On Sep 16, 2008, at 16:05, Antonio Querubin wrote:
On Tue, 16 Sep 2008, james woodyatt wrote:
The complaint I have heard is that simply not advertising the  
routes to third parties is not enough to prevent them from using  
static routes to steal relay service.
If they're afraid of that, why can't they just block access to the  
relay address via ACLs at their borders?  Most ISPs probably do some  
kind of filtering at their border anyway.  Adding one more deny rule  
isn't gonna make a big impact on performance.
Yes, the existing RFCs recommend filtering at the border gateway and  
limited routing advertisements to trusted peers.  So, why do service  
providers think they can't secure their 6to4 relay service that way?   
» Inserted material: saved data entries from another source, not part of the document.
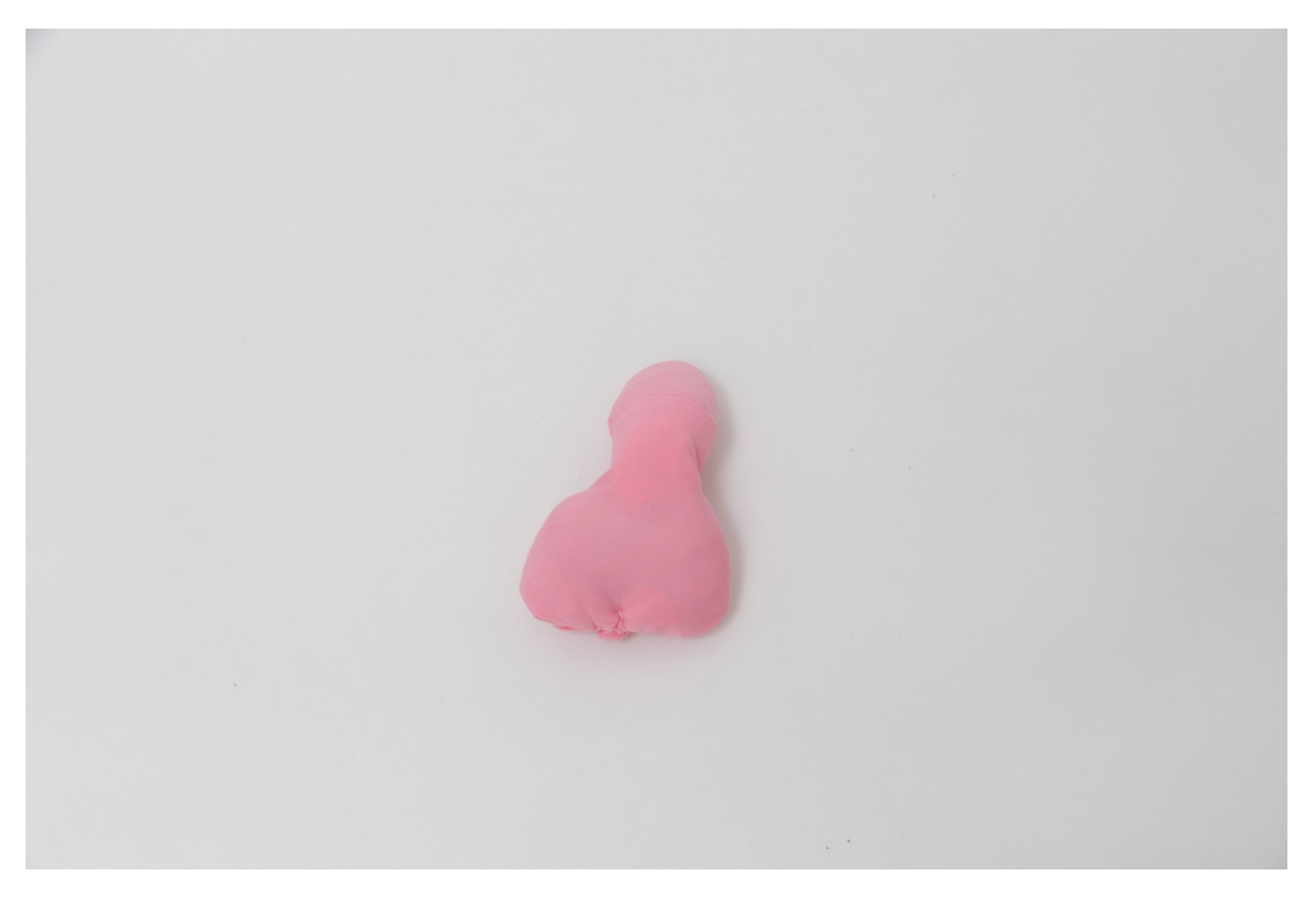
PIXY LIAO A Collection of Penises · Short Boy 2013 Stretchy fabric, pillow fillings, threads 7 x 9 x 4 cm
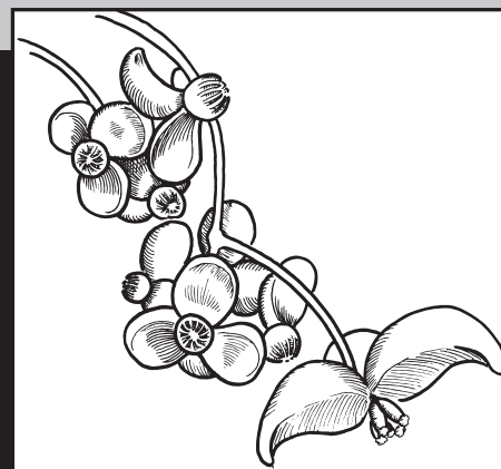
Silver Bells™ Akebia Vine. Vigorous, easy-to-grow, profuse clusters of light pink and reddish-purple, fragrant flowers.
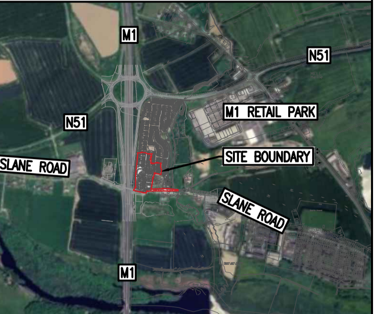
GOOGLE MAP LOCATION MAP SCALE 1:20000
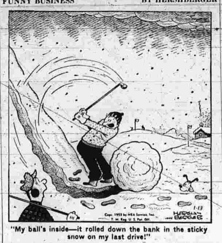
"My ball's inside—it rolled down the bank in the sticky snow on my last drive!"
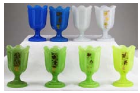
Colored and gilt cable pressed glass spooners
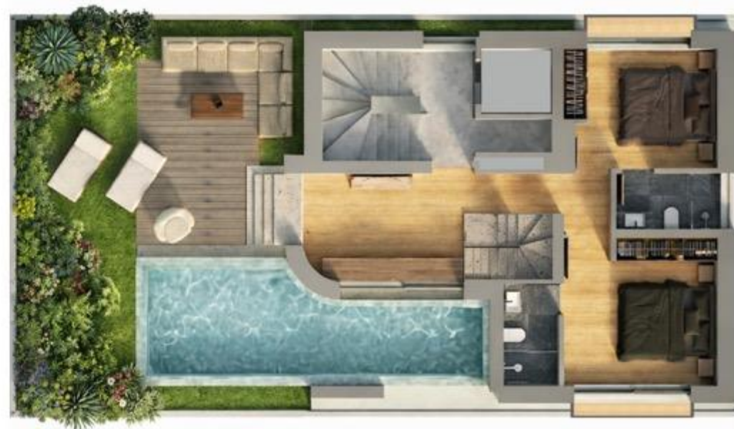
FLOOR PLAN D LEVEL
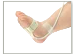
7000N Neonatal (< 2 kg / < 4.4 lbs)
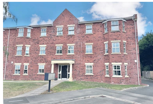
26 Rymers Court, Darlington, DL1 2GB.

We are acting in the sale of the above property and have received an offer of £65,000 on the above property.
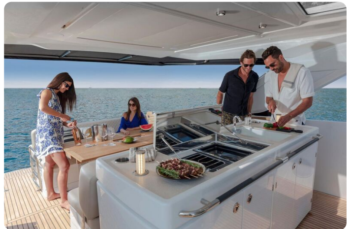
Jeanneau DB 43 inboard - cockpit galley
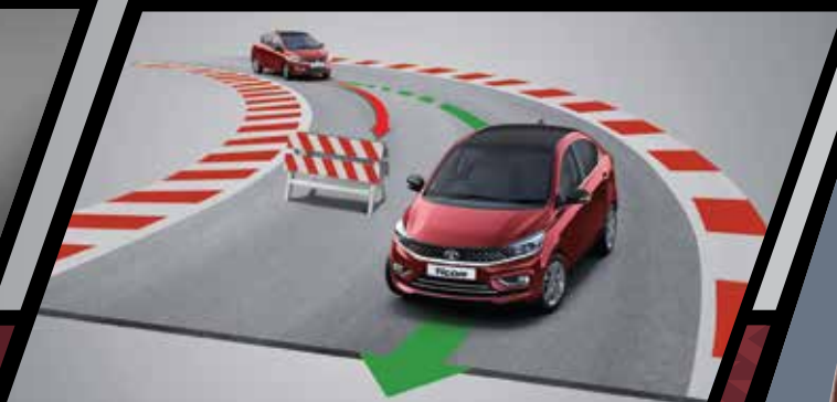
ABS WITH EBD AND CORNER STABILITY CONTROL
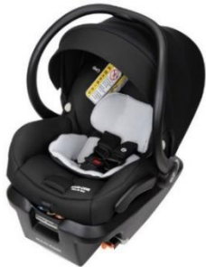
Maxi-Cosi Mico XP Max
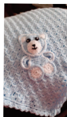
Crochet baby blankets
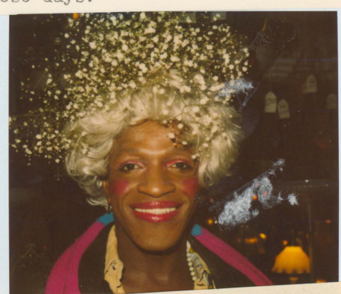
AND SHE STILL HAD ENOUGH LEFT OVER TO LOOK FABULOUS FOR THE HOLLDAYS!
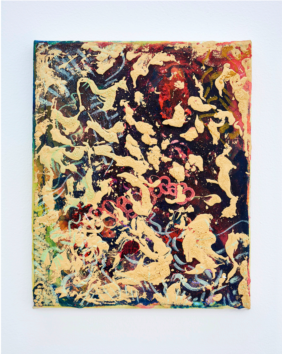
Anna Schachinger, Untitled , 2016. Ink and oil on canvas, 22 x 27 cm (8.5 x 10.5 in.)
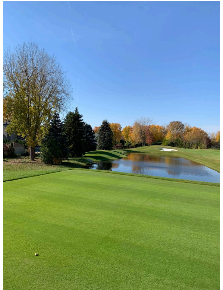
New lake Red Course Hole #3
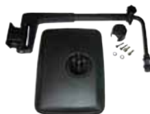
Spejlarms sæt JD 6000 800 kr
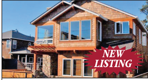
W. PRESIDENTIAL GEM! $1,449,000
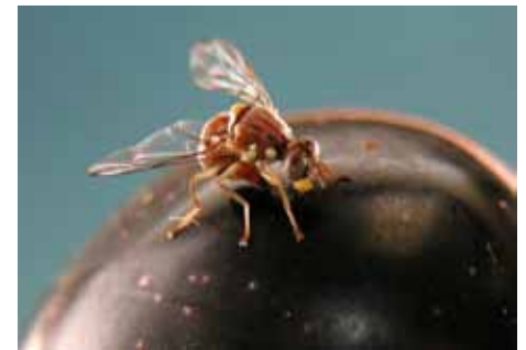
Figure 1. Olive fruit fly female sucking a droplet of juice from a puncture wound in olive.

mature. They puncture the skin of the olive with the ovipositor and suck the juice from
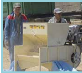
Tools, equipment $100
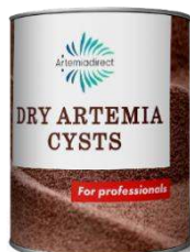
Artemia cysts collection at Kadzuhoni and processed cysts in cans
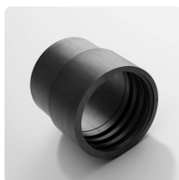
Cuff for Master-PVC-Flex special coupling for connecting Master-PVC Flex hoses
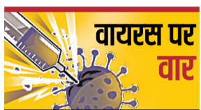
वायरस पर वार
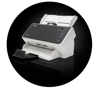
Alaris S2040/S2050/S2070 Scanners
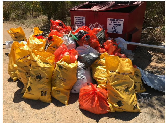
And Some of the Rubbish!

The Easter Art Show was a resounding success with wonderful Artists displaying their work. The day was very pleasant with warm temperature and mild winds blowing. Many locals and visitors enjoyed the day. Displays included pottery, oil painting, water colours, photography, mosaics, jewellery, paper flowers, wood sculpture and grass weaving. We would like to thank the artists, volunteers who help set up and cleared away at the end and others that just leant a hand as need be. Maggie Schmidte did a magnificent job selling raffle tickets—you just could not go past Maggie without succumbing to her laughter and fun on the day—and there were great prizes to be won, donated by the artists of the day. Thank you.
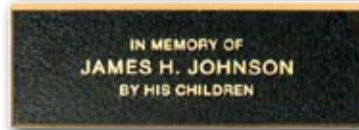
Series 702001, 9" w x 4" h Times type style. Beveled Edge.
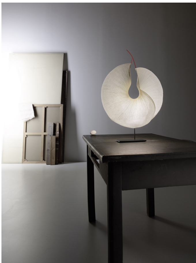
Yoruba Rose DAGMAR MOMBACH, INGO MAURER & TEAM 2017

Paper, metal, stainless steel, silicone. Yoruba Rose is a light object that enchants through perfection and grace. The sheet of paper is almost circularly stretched on light metal wires and strives upwards. The harmonious expression of the model and the extremely pleasant light make it the ideal light source in spaces where one rests. Just as in all other MaMo Nouchies, the lampshade consists of Japanese paper, which has to undergo a special manufacturing process in Dagmar Mombach's studio. The light source is an LED module, provided with a cooling element, developed by Ingo Maurer especially for the MaMa Nouchies. The light is warm and soft, and can hardly be distinguished from conventional halogen light.
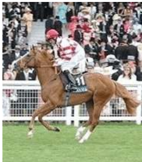
Scintillo (GB)
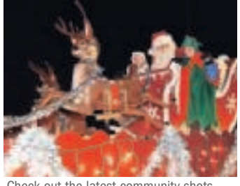
Check out the latest community shots from our photographers www.yorkregion.com/photos
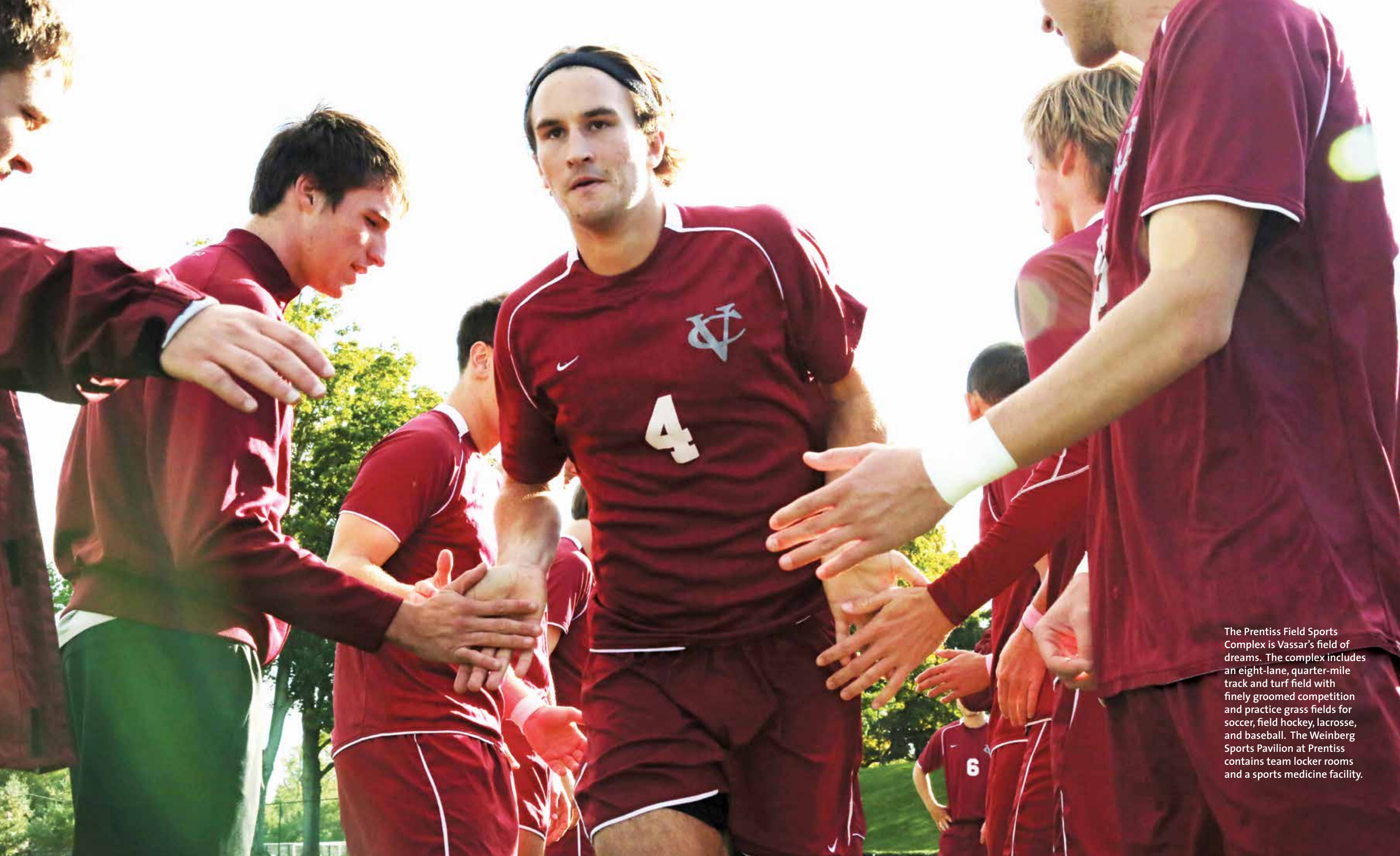
The Prentiss Field Sports Complex is Vassar's field of dreams. The complex includes an eight-lane, quarter-mile track and turf field with finely groomed competition and practice grass fields for soccer, field hockey, lacrosse, and baseball. The Weinberg Sports Pavilion at Prentiss contains team locker rooms and a sports medicine facility.
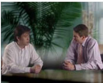
A still from the DPI video

After attending a three-day workshop, trainers are given a set of video, audio and text materials which can support their own training programmes. The last one of the year was run on the premises of the Audi Akademie in Ingolstadt. In 2008, we have three workshops scheduled for York (26-28 February, 20-22 June and 14-16 October) and are planning several on-site workshops in France, Sweden and Germany. Visit the website or contact us for more details.
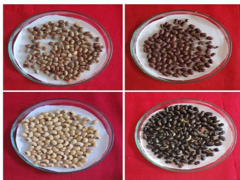
Fig. 1. Variation in seed colour of distinct cowpea genotypes.
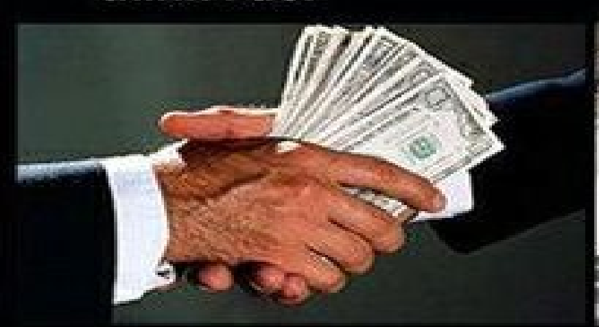
What society thinks I do.
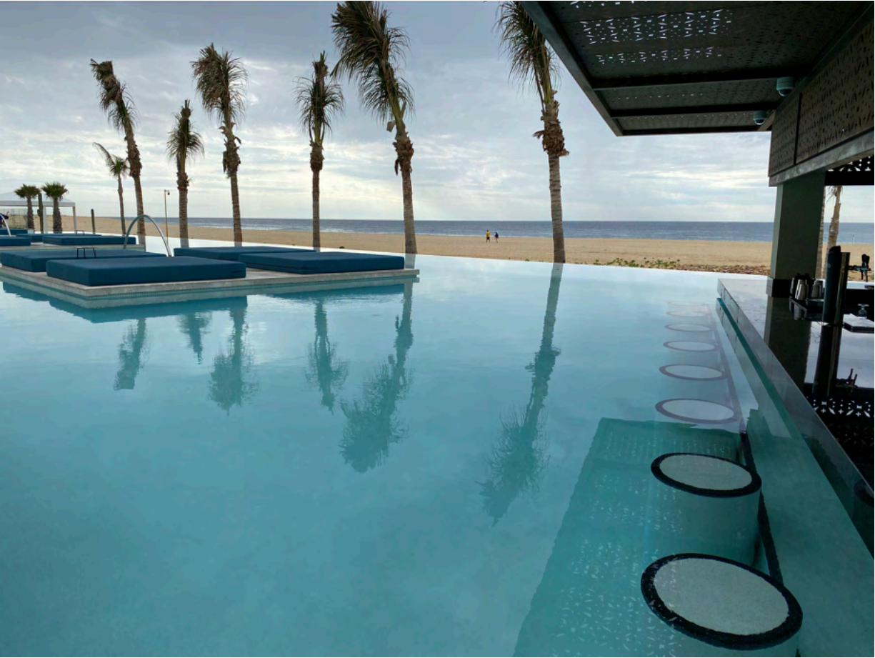
Adults only pool
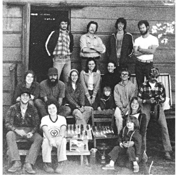
FIG. 2. —My 1st mammalogy class at Louisiana State University in 1979. At least 3 students in this class became professional field biologists, and there may have been others.

The increasing number and complexity of regulations. —Bureaucratic regulations, including foreign, federal, state, and local research permits; permits for collection, importation,
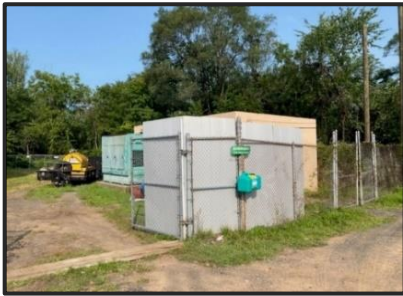
Foam boards to reduce noise from generator.
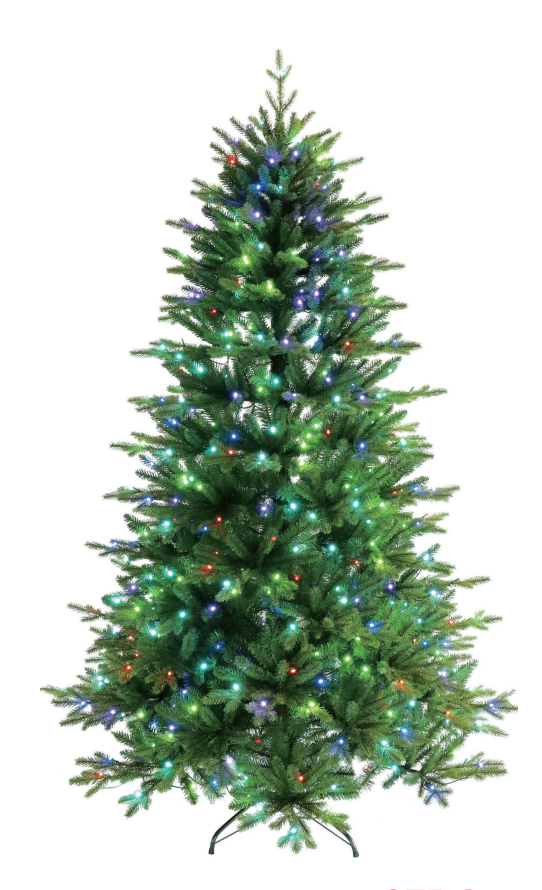
USER'S MANUAL Christmas Tree
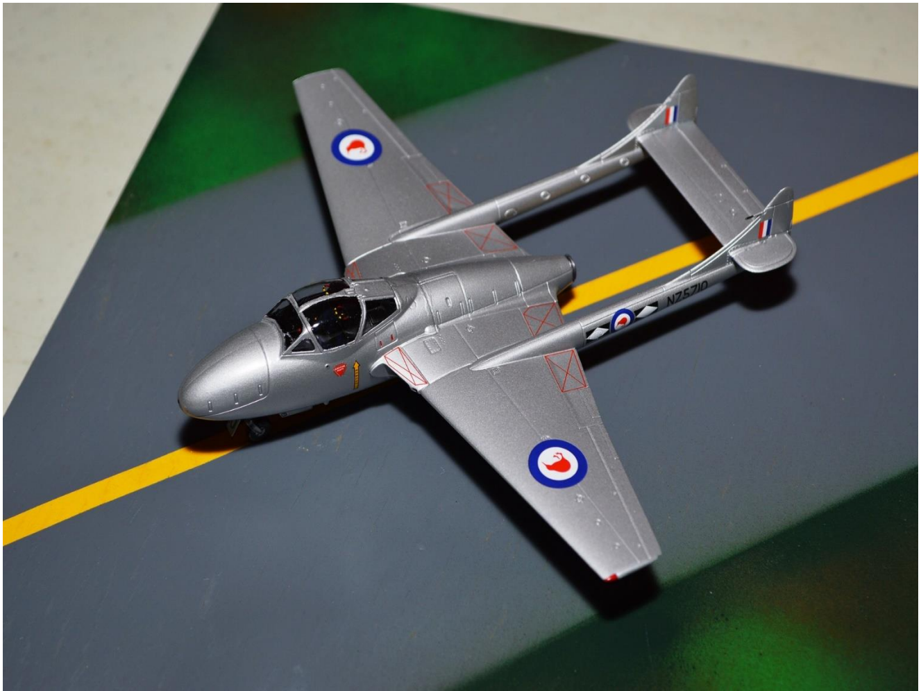
Antonio Merolli built Airfix 1/72 DH Vampire T.11. Antonio painted the ejection pulls and some brighter controls in an otherwise black cockpit.
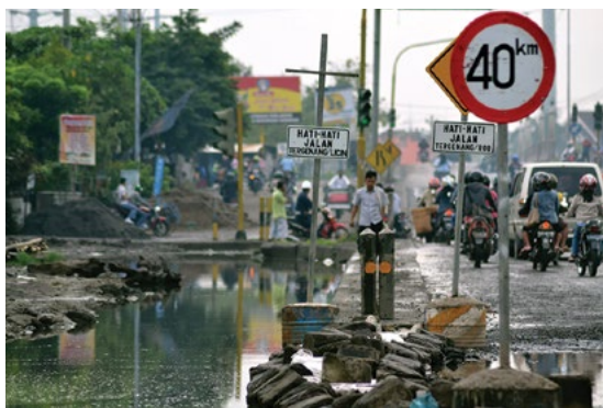
Urban dwellers living in poverty, in poor or informal settlements without basic infrastructure and services are often at the greatest risk from flooding.

actions taken by the poor to prepare for and protect themselves against climate change impacts. Women's roles are not adequately recognized in climate change adaptation efforts, either in national and global climate change negotiation talks, or in the context of climate change-influenced natural disasters.
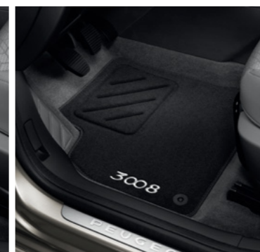
Set of front and rear velour floor mats Ref. No.: 9663E2
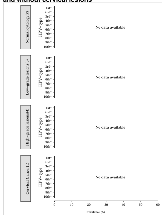
Figure 1. Comparison of the ten most frequent HPV oncogenic types in Seychelles among women with and without cervical lesions

*No data available. No more types than shown were tested or were positive.
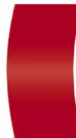
Bright Red 81
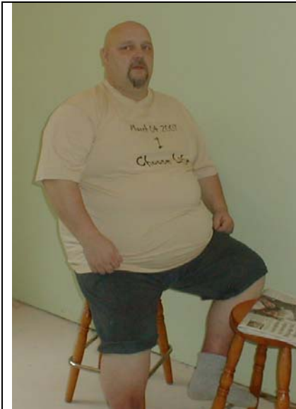
BEFORE ISAGENIX CLEANSE Weight: 392 Pounds March 10, 2007
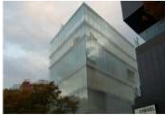
Fig. 3: DIOR omotesando

Kazuyo Sejima and Ryue Nishizawa both have shown this idea. In 21st Century Museum of Contemporary Art, the two architects chose 360-degree transparent and open glass curtain walls, making the shape extremely slight. While DIOR Omotesando used the form of veiling to express this idea. It is a seven-floor cuboid building, with glass as its outside walls attached with transparent propylene panels, which were processed to as its outside wall materials in folding shape so as to utilize the irradiation of lights and enable the visitors to see a building as if it is enwrapped by gauzes. The glass curtain walls on its surface were layered with wire lines, but they give peoples a feeling of homogeneity and smoothness under the influence of sunshine, environment and so on factors and makes the building look light and floating, transparent and flowing as a crystal cube, as shown in Fig. 3. Kazuyo Sejima and Ryue Nishizawa have annotated the fine structure of Japanese architecture.

They must have a legitimate reason, don't you think?  Surely, they  
aren't trying to sabotage the IPv4-IPv6 transition by splitting the  
public IPv6 internet into three parts (one for native, one for 6to4  
and one for Teredo), right?
Again, it would be better if an authoritative voice recommending  
*against* the deployment of 6to4 and Teredo relays in service provider  
networks, because of concerns about limiting access to relay services  
to their subscribers only, would step in here and speak to the issue  
directly.  I've only gathered from talking with people that the  
problem with ACLs at the border routers is that a real deployment plan  
would require too many ACL entries, i.e. one for each relay, because  
relays would have to be in lots of different places around the  
interiors of their networks, and addressed accordingly.
Won't somebody from a service provider *please* step up and explain  
why they cannot and/or will not deploy 6to4 relay routers for the use  
of their subscribers as the standards track documents currently  
describe them?  The continuing silence from the operations community  
on this topic is very troubling, but I suppose it's possible everyone  
is still enjoying their copious allotment of holiday time.
It *is* September, though, isn't it?